Sans attendre, un léger ronflement retentit dans la chambre. En silence, Léopoldine quitta le lit, avant de remonter la couverture sur son minuscule époux. Elle l'observa un instant à lueur de la bougie. Sa décision était prise.
Une robe de chambre en satin sur le dos, elle dévala les escaliers. Les nobles dormaient tous, encore. Avait-elle mis trop de belladones dans sa potion ? Certainement, car ils semblaient plus tenir du conte de la belle aux bois dormants qu'autre chose, depuis cette histoire de fantômes.
Quoi qu'il en soit, elle fila avec sa chandelle, au travers des couloirs ténébreux du château des Millicent. Le spectre de son passé pouvait venir, les démons mineurs pouvaient envahirent les murs tels des araignées, rien ne l'arrêterait en cet instant.
En arrivant devant la salle de spiritisme, elle ne prit pas le temps de la réflexion. Elle ouvrit en grand les portes... et découvrit Marie de l'Esprit Saint. Un chandelier posé sur la table, elle offrit un sourire amical à la jeune sorcière.
La pièce était restée la même : tous les miroirs tapissant les murs étaient fêlés, preuve de la violence de la séance. La table était craquelée sur toute sa surface, renvoyant des centaines de fois son regard à Léopoldine.
-Je sais ce que vous souhaitez accomplir, fit la grand-mère de Florentin. Je souhaite vous apporter mon soutien.
Léopoldine fronça les sourcils.
-Je ne vois pas de quoi vous parlez, madame.
-Vous allez soigner le mal par le mal.
-Mais encore ? rit la sorcière. Vous avez des idées étranges. Vous devriez...
-Allez dormir ? Je vous rassure, jeune femme, je suis en grande forme.
Elles se défièrent du regard. Finalement, Léopoldine entra complètement dans la pièce... pour sursauter lorsque la porte se referma dans un claquement. Les yeux ronds, elle découvrit mademoiselle Aliénor. Le dos droit, toujours vêtue de sa robe de la journée, elle adressa un sourire à Léopoldine.
Le sourire typique des Millicent. Celui qui n'augurait rien de bon.
-Mademoiselle de Briac... ou plutôt, Marquise d'Aresac. Nous sommes d'accord : il est hors de question d'attendre les bras croisés que mon grand-frère disparaisse de cette terre.
Léopoldine resta un instant silencieuse.
-Vous m'attendiez donc ?
-Le temps nous est compté, alors ne jouons pas sur les mots, fit mademoiselle Aliénor. J'ai une idée pour sauver mon frère.

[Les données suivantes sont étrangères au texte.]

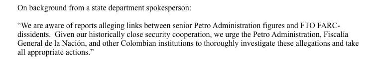 “Tenemos conocimiento de informes que alegan vínculos entre altos funcionarios de la Administración Petro y disidentes de las FARC. Dada nuestra histórica y estrecha cooperación en materia de seguridad, instamos a la Administración Petro, a la Fiscalía General de la Nación y a otras instituciones colombianas a investigar exhaustivamente estas acusaciones y tomar las medidas pertinentes”, expresa el funcionario de la administración de Donald Trump.

Elle le lui expliqua rapidement. Lentement, Léopoldine hocha la tête.
-J'avais la même idée en tête.
-Bien. Cela nous facilite la tâche : vous vous chargez de cela. Pendant ce temps, ma grand-mère et moi, nous nous occuperons de votre protection sur le plan physique.
-Vous ?
Mamie Millicent, comme l'appelaient ses petits-enfants, acquiesça.
-Ne vous fiez pas aux apparences, jeune femme. Je suis une femme pleine de surprise.
C'était, après tout, la mère d'Angèle de Millicent. Léopoldine ne doutait pas d'elle.
-Très bien. De toute façon, avec ou sans vous, je l'aurais fait.
Elles s'installèrent donc autour de la table. Le plus calmement du monde, mademoiselle Aliénor posa un poignard, un pistolet et quatre couteaux de lancés devant elle. Mamie Millicent, elle, commença à disposer toute une panoplie d'herbes et de bâtonnets sur le miroir brisé de la table.
Prenant une profonde inspiration, les mains jointes devant elle, Léopoldine tenta de calmer son esprit. Lentement, trop lentement à son gout, elle parvint effleurer l'au-delà. À toucher du doigt ce film si fin entre le vivant et le mort. Ses yeux se révulsèrent, sa tête partit en arrière.
Puis elle se retrouva devant les portes entrouvertes des jours plus tôt. Par-delà, elle pouvait voir une nuée de spectres de fantômes, tous tentant de passer le voile de la vie.
Déterminée, la jeune sorcière se tint droite face à cette foule.
-Oh, Cimeriès, Marquis Infernal. Je demande audience avec toi, démon.